In what was a true Hail Mary move, struggling Deportivo are now counting the cost of appointing Clarence Seedorf who has taken the club from bad to worse

Nobody in the northern Spanish city of La Coruña saw it coming. Actually, many believed the journalists were kidding when the name of Clarence Seedorf popped up in the conversation in early February. Deportivo had (finally) sacked Cristobal Párralo after an appalling run of two wins out of thirteen games. Depor’s once mighty cruiser was now a sinking fisherman’s boat, stranded in relegation waters.

The first choice of the Board lead by Tino Fernández was pulling Martín Lasarte out of the hat: experienced on LaLiga benches (he had a quite successful run with Real Sociedad), a true motivator for depressed squads and with a stint as a former Depor player to ease fans’ worries and gain their trust.

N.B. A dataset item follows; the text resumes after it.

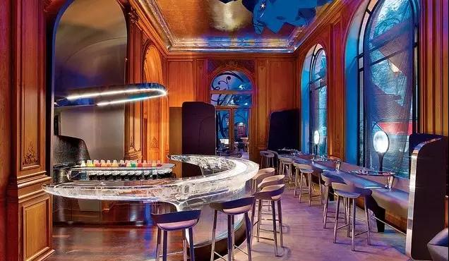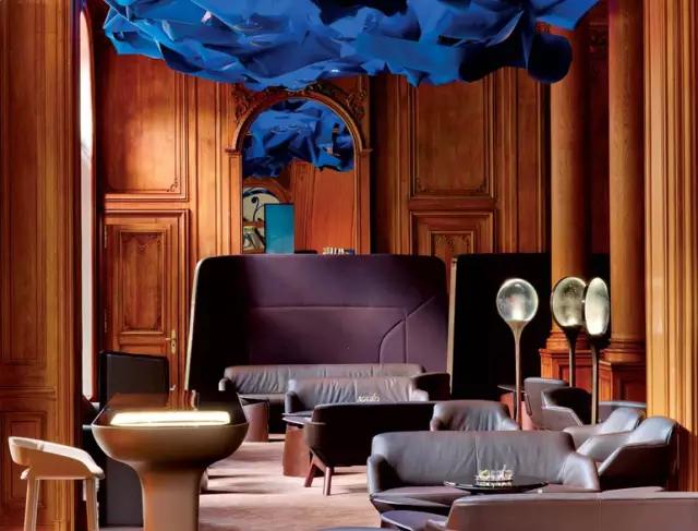 巴黎Plaza Athénée酒店的Le吧的設計,展現了古典建筑與現代藝術的完美融合,天花頂的藍色云朵裝置是最大的亮點,現代的創意家具讓空間品位十足,也體現了巴黎的優雅。

But the deal didn’t came through and, in a matter of hours, it developed into a completely different animal. The Uruguayan Diego ‘Tornado’ Alonso was briefly considered, but problems with his visa left him in the Mexican League. So, Deportivo settled for Clarence Seedorf.

Fans were absolutely shocked to find out that the fate of their beloved club was going to be in the hands of a manager that, yes, has been one of the greatest midfielders of the past few decades (Ajax, Real Madrid, AC Milan) but who was lacking in the experience department: 22 games with AC Milan four years ago, and 14 games as Chinese Shenzhen’s manager. And… that’s about it. Therefore, not the greatest resumé for a desperate situation.

But Seedorf it was, so he landed in La Coruña and began his work. One month later, his stats are… not that impressive: one point out of 12 after three losses and a single draw against Espanyol, who have plenty of problems of their own. Obviously, not good enough for achieving what he was hired for.

Last Wednesday’s fixture against Getafe summed up, in a nutshell, just how awful this season has been for the Deportivistas. In an ugly game, troubled by the persistent rain and a muddy pitch, the Azulón squad simply used their accuracy in front of goal to knock down the away side for good.

Ángel and an unlucky own goal by Eneko Bóveda (when you’re on an unlucky streak, everything that can go wrong *goes* wrong) sent Depor straight to the mat late in the first half. Jorge Molina’s late 3-0 only rounded-off the tragedy.

Where to go from here? With 12 games to go, Deportivo haven’t shown their fans any signs of resurrection. The club’s heart just refuses to beat. Seedorf has tried everything: he has changed the training sessions, added former team mate Sulley Muntari to its squad (the midfielder hadn’t player for over a year before making his debut last Wednesday) and mixed up the line-up while searching for a miracle.

To date, it hasn’t been enough: even with (theoretically) quality players in their attack such as Lucas Pérez, Florin Andone, Adrián López or Zakaria Bakkali, Deportivo haven’t scored a single goal under Seedorf.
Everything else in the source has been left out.